ドジっ娘
『望みを叶えてくれる本? そんな本初めて聞いたぜ』
前回拾った本のことを話してみたが、聞いたことがないらしい。
そうだよな。あんな本があると知られていたら、争いが起きていたかもしれない。
『ま、喋る本にあまり驚かない冒険者で良かったぜ。説明に時間取られないで済むからな。……じゃ、早速仕事してもらうか』
ということで、仕事を始めた。なんてことはない。ただ、倉庫にあった本を1階の棚に並べていくだけの力仕事だった。順番も整理されていてとてもやりやすい。
何往復したかわからないが、全然疲れない。
この分なら、すぐに終わりそうだな。
『……兄ちゃん、休憩なしによくそんな働けるな』
あれ? デジャヴ? 本にまで引かれるとは……。
そして、最後の本を棚に入れて一息ついていた俺の頭に何かが3回落ちてきた。
「……本?」
落ちたそれを見ると本だった。しかも、3冊ありとても分厚い。
「あれ? 棚から落ちたか?」
と、左右の棚を見ても本はびっしりと並んでいた。とても棚から落ちたようには見えなかった。
「……?」
疑問に思っていると、2階の方から女性の声が聞こえてきた。
「すいませんー!! 本が落ちてしまいましたが、大丈夫ですかー!!」
なるほど、2階からこの本が頭に落ちてきたのか……。それにしては、痛くないな?
この図書館は、中央が吹き抜けとなっている。俺がいるのは、その中央付近。運悪く本が落ちてきてしまったようだ。
「はーい、大丈夫ですよー」
「すぐに取りに行きますー!!」
俺が返事を返すと、女性は慌てたように言った。
しばらく待っていると女性がこちらに早歩きで向かってきていた。
「すいません。手から本が飛んで行ってしまって。お怪我はありませんでしたか?」
その女性は申し訳なさそうに謝ってきた。
「はい。大丈夫でしたよ」
「お怪我がなかったようで何よりです。すいませんでした」
彼女は腰まで伸びたストレートな黒髪に、これまたストレートな体……スレンダーな女性だった。
彼女に本を手渡そうとしたが、
「よろしければ、運びますよ?」
決して、下心があったわけではない。黒髪ストレートでとても美人だったからというわけではなく、俺は紳士だから提案したのだ。
「ええっ! そんな悪いですよ……」
彼女は遠慮してきたが、これも何かの縁ということで押し切った。これは、フラグの予感……。

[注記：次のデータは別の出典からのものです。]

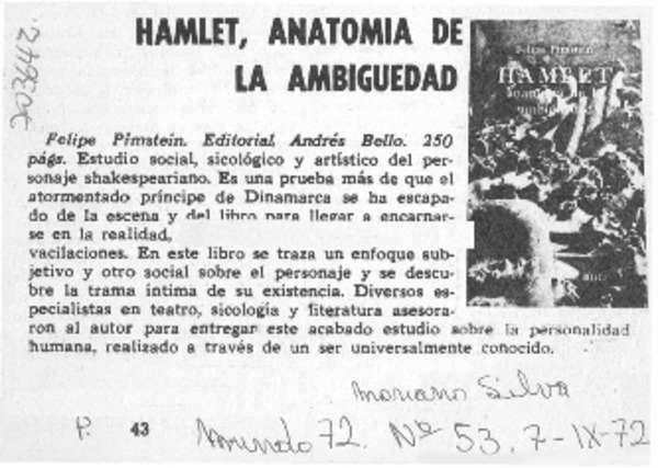 Hamlet, anatomía de la ambigüedad [artículo] Mariano Silva.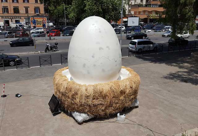 Grande sorpresa nella mattina di martedì 7 giugno a Ponte Milvio: un enorme uovo poggiato in un nido è spuntato a due passi dalla Torretta Valadier, nella stessa piazzola dove due anni fa venne annunciata la nuova Smart.
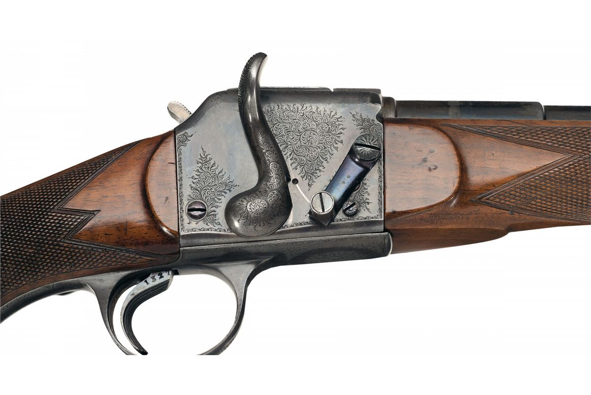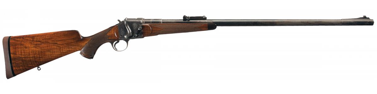 Ramp beaded blade front sight and adjustable notch rear sight with "45-70" marked on the replacement barrel at the breech. The fine scroll engraved receiver is marked "HOLLAND & HOLLAND" on the left side, has an extended upper tang tapped for a sight and with the receiver ring matted. Matching numbers (1327) on the front of the frame and on the trigger with the forearm numbered "4503". Nicely figured pistol grip stock with multi-point checkering, engraved grip cap, horn forend tip and solid Pachmayr recoil pad.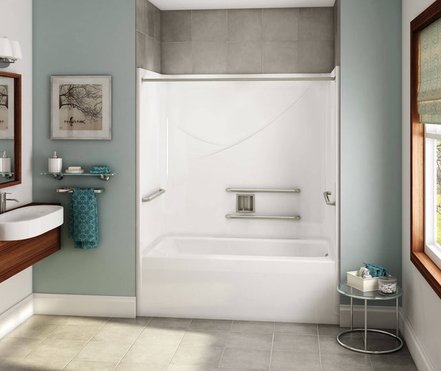 MAAX 106058-000-002-100 OPTS-6032 - ADA Grab Bars AcrylX Alcove Left-Hand Drain One-Piece Tub Shower in White

「さっきは書棚の整理をしてまして、転んだ拍子にうっかり本を投げ飛ばしてしまったんです」
彼女はここの職員らしく、おじいさんとの会話で出てきたドジっ娘らしい。
うっかり本を投げ飛ばすって……おじいさんの言っていたことがわかった気がする。
2階に上がり、本を片付けたことで気付いた。まだ、自己紹介してない。あわよくば、お近づきに……。
「自己紹介がまだでしたね。俺はソウイチ、冒険者をしてます」
「あ、冒険者の方だったんですね。私は、司書見習いのリアといいます。ひょっとして、蔵書整理に来られた方ですか?」
「はい、そうです。もう終わってしまいましたが……」
「午前中からいらしてたんですか?」
「いえ、お昼過ぎてから来ましたよ」
「え?! 結構な量あったと思ったんですが……もう終わったんですか?」
今日はよく驚かれるな。
「ええ、体力には自信があるので」
「すごいんですね。ソウイチさん」
このくらいは日常的にこなしていると思ったが、そういうわけではないのか。
「そういえば、他の人は王都に行かれてるんですよね、蔵書整理はその方がやられてたんですか?」
つい、興味本位で聞いてしまった。
「ええ、そうですね。ただ、彼は体力が無いのですぐに疲れてしまうんです」
なるほど。これは、好印象を与えた感じか? その彼よりも体力があり、男らしさをアピール……。
「ただ、そんな彼にもすごいところがありまして……」
あれ? 雲行きが怪しい。
「おーい、リアー、ちょっときておくれー」
「あ、はーい。すいません。ソウイチさん、長話してしまって。私はこれで……」
おじいさんの呼ぶ声が聞こえ、リアさんからやっと解放された。
リアさんは、王都に行っている彼と恋人同士であり、延々と俺は惚気話を聞かされていた。
「……あ、蔵書整理終わったことあの本に報告してなかった」
またしても、フラグは即座にへし折られた。